Gregory Woods: Thanks, Tom. We are executing a clear strategy to deliver revenue growth and improve our profitability. We have implemented changes in the organization and are working diligently to deliver on our strategic plan. We believe that this quarter reflected a positive turning point in our business as we gained traction in both of our segments and controlled our costs. We have several catalysts that we are confident will propel our growth in fiscal 2026 and beyond. First, we are focused on launching our innovative product ID solutions, three of which have already been launched and are receiving strong customer interest and orders. We expect to launch six more disruptive solutions before the end of fiscal 2026.
Second, we continue to make rapid progress on the ToughWriter transition program with several large commercial and defense customers transitioning to ToughWriters that will ramp up shipping in Q2 and beyond. Importantly, we are looking critically at our cost structure and cash flow generation. We are on track to complete our $3 million cost reduction program by Q2, and we will continue to manage our costs prudently as we roll out next-generation and higher-margin solutions across our Product ID and Aerospace segments. We believe the actions we have taken in the past six to twelve months put us in a position to scale into new end markets and new geographies with high-margin solutions.
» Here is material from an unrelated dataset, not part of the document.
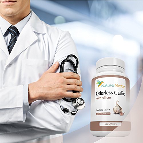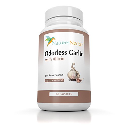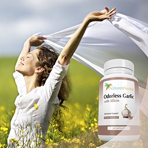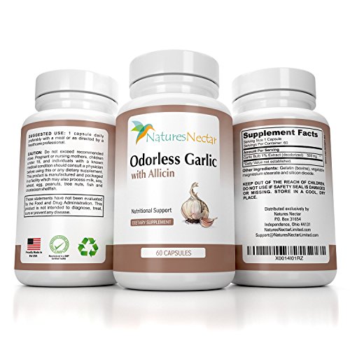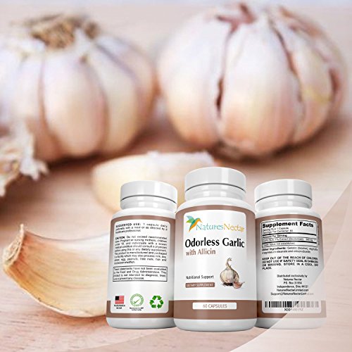 -. Feature : • HEART-HEALTHY BENEFITS- The benefits of garlic have been widely known for centuries, and modern technology has now made it possible to harness the most useful components to give us maximum health potential. Today with Natures Nectar's Odorless Garlic with Allicin Supplement, you can begin to promote healthy blood pressure levels and overall heart health. / • THE ALLICIN DIFFERENCE- Allicin is the critical health component in garlic (beneficial to the immune system and circulatory system) that is released from a freshly crushed clove. Our manufacturing process captures the Allicin so it is not lost in processing. Most supplements on the market do not contain Allicin at all / • MORE CONVENIENT THAN A CLOVE- For some of us, eating garlic daily is not ideal. With our Odorless Garlic with Allicin, you'll get the amazing health benefits of garlic's Allicin without the hassle, taste, and odor of eating a clove. The enteric coating on the capsules protects the garlic from being broken down in the stomach before entering the small intestine, where it is most effective. / • IMMUNITY-BOOSTING ANTIOXIDANT- Support your immune system! Garlic contains antioxidants that protect against cell damage and may boost immune cell function, which is especially important during seasons when our immune systems are most vulnerable. Additionally, oxidative damage from free radicals contributes to the aging process, and garlic protects against this as well. / • OUR 100% MONEY-BACK GUARANTEE - As with all of our products, we offer a 60-DAY 100% Money Back Guarantee - return even the empty bottles! We are so confident that you will love our Odorless Garlic with Allicin that we'll refund every penny if you don't like it. Simply contact Natures Nectar directly for a full refund. What do you have to lose?

Furthermore, we have additional long-term opportunities to improve margins through the roll-off of royalties from legacy cockpit printers and through our multi-source ink supply program based on our new print engine technology. We are reiterating our guidance for the full year of fiscal 2026. We expect to deliver year revenue of $160 million to $165 million, a 7% year-over-year increase at the midpoint, and an adjusted EBITDA margin in the range of 8.5% to 9.5%, or an 80 basis point expansion year over year at the midpoint. In summary, we are pleased with the progress that has been made this quarter, but we have more work to do.
I want to thank our team for their hard work and position us for the future. We remain confident in our plan and believe we have the right people, infrastructure, and go-to-market strategy in place to drive long-term growth and profitability. Now, Tom and I will be happy to take your questions.
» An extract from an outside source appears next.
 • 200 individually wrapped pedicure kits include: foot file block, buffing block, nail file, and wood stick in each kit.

Operator: And for participants using speaker equipment, it may be necessary to pick up your handset before pressing the star keys. Once again, it is star one on your telephone keypad if you would like to ask a question. We will now open for questions. We'll just pause for one brief moment to see if there are any final questions. There are no questions at this time. I would like to turn the conference back over to management for closing remarks.
Gregory Woods: Great. Thank you. And thank everyone for joining us here today. We look forward to keeping you updated on our progress at AstroNova. Enjoy the weekend, and we'll talk to you guys soon.
Thomas DeByle: Have a good day. Thank you. This will conclude today's conference. You may disconnect your lines at this time, and thank you for your participation.